Who: Paulette Sopoci, 50, an entrepreneurial coach and skincare brand representative. The history: In 1978, when Sopoci was eight years old, her family moved from Pickering to a 200-acre farm in Kawartha Lakes.
While her father tended to the cattle and grew vegetables, she rode around the sprawling property on horseback with her sisters (she is the second-youngest of five girls), admiring the area’s rolling hills.
Around Christmas, her mother’s favourite time of year, her extended family would gather to share a festive meal. “I lived an idyllic life as a farm girl,” she says. “We may not have had trips to Disneyland, but if we wanted another pony, my dad would go to auction and buy one.”
Every day, during the 45-minute bus ride to school, Sopoci passed a majestic three-storey brick home with regal shutters and a gorgeous entranceway. Locals called it the Janetville Mansion or the Doctor’s House, after the physician who built it in 1880. “It looked like a magical castle to me,” she says. She wondered who lived there and dreamt about owning it someday.

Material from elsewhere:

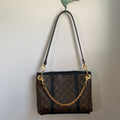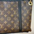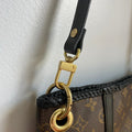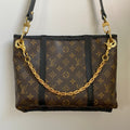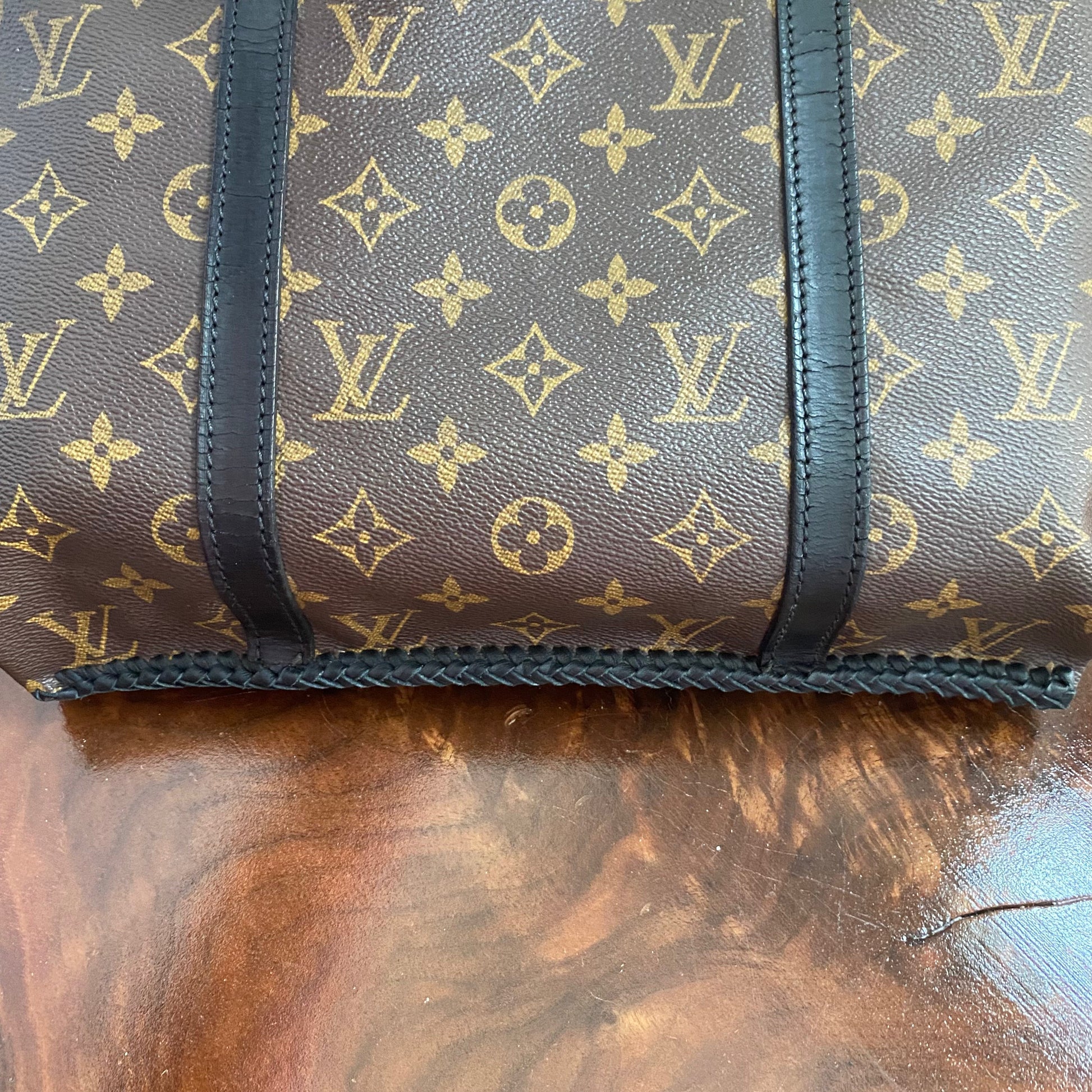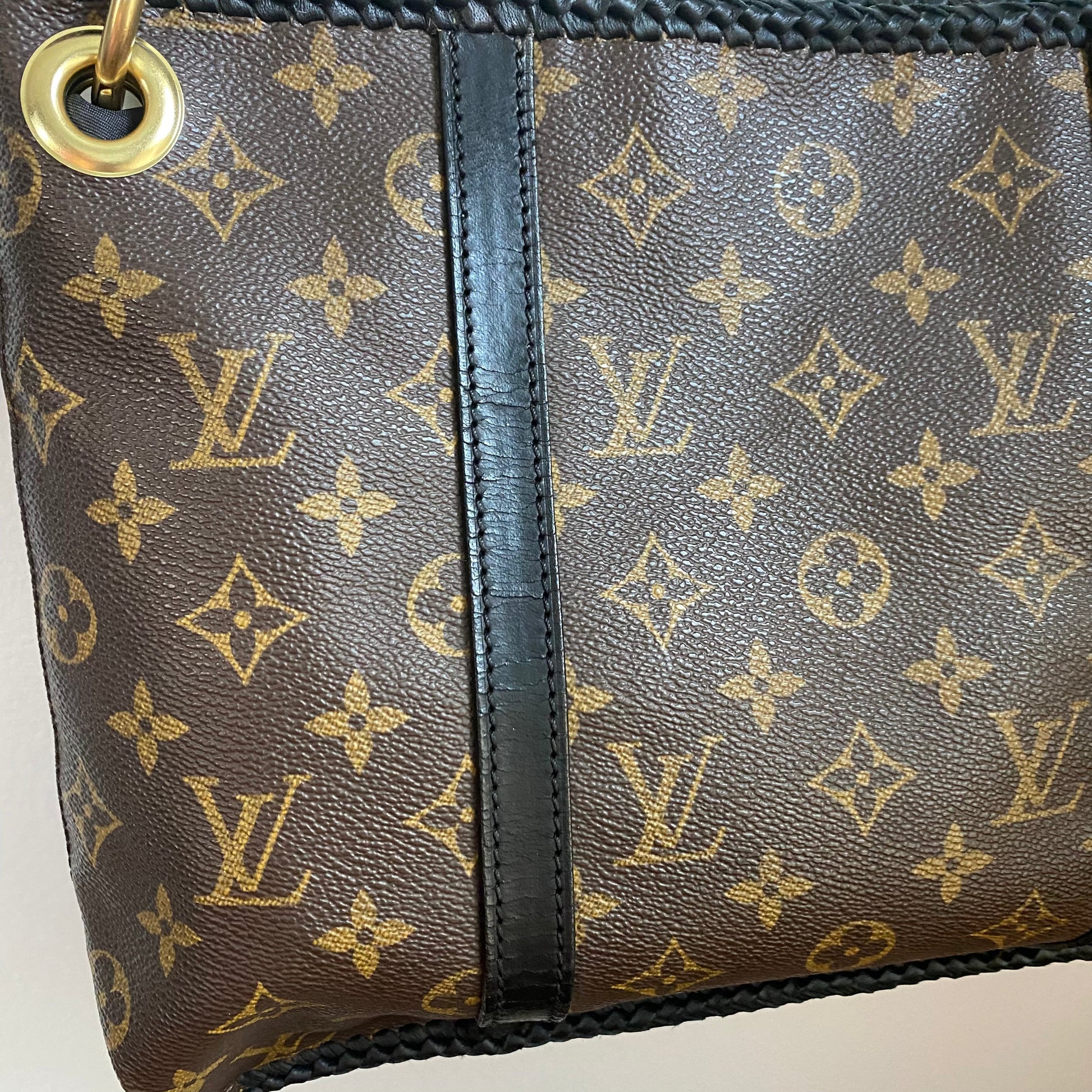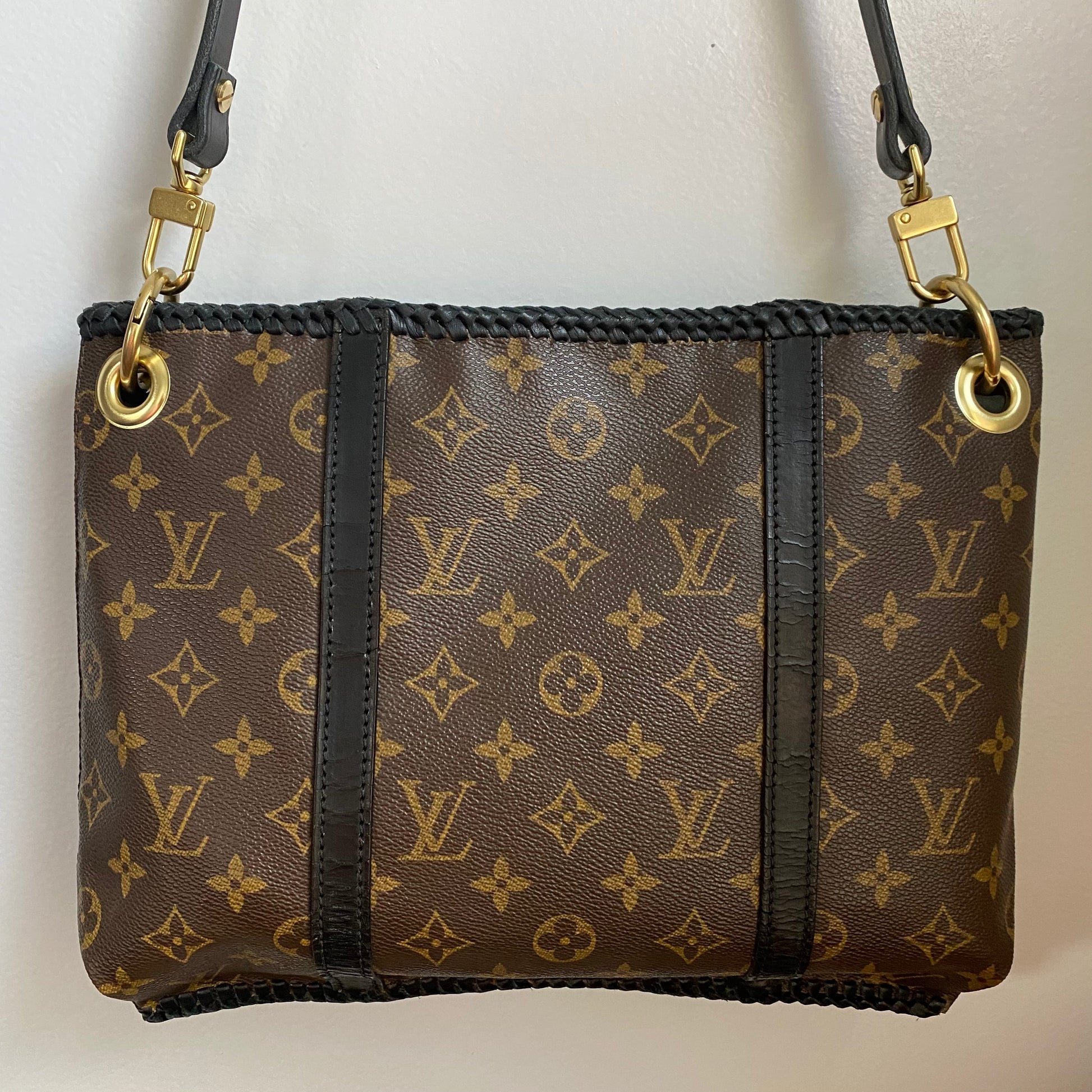 The bag's canvas is in really good shape! The interior was not in as good of shape, so I've removed it, leaving the bare canvas. In doing that, I had to cut out the bag's date code, but I will include it in the bag (date code FL0041 means it was made in France in April of 2001). Because it has such a nice roomy interior, I've added a multipurpose organizer that fits perfect inside. The organizer can be removed if desired. It has a lot of pockets and a zipper that secures all of your goodies inside. If you'd like me to add a magnetic snap to the top of the bag, I can, just reach out after purchase. I've added a new black leather shoulder strap that has a drop of 13" and a shorter brass chain for visual interest. Both can be used as straps for the bag, and both can be removed if you want to add a favorite of your own.

In 1988, when Sopoci was 18, she moved to Toronto, lured by the excitement of city life. She started working for an entrepreneurial coaching firm called Strategic Coach, where she still works today, and later developed an e-commerce business selling skincare products .
In 2004, Sopoci bought a four-bedroom century home in Riverdale. She paid $765,000, which was $166,000 over asking. “People thought I was crazy,” she says. But she loved the fact that it overlooked Withrow Park, which reminded her of her country upbringing.
The following year, she met her husband, with whom she eventually had a son, Jack, and a daughter, Avery. Over the next 17 years in Riverdale, Sopoci spent $370,000 renovating the house. “It was meant to be my forever home.”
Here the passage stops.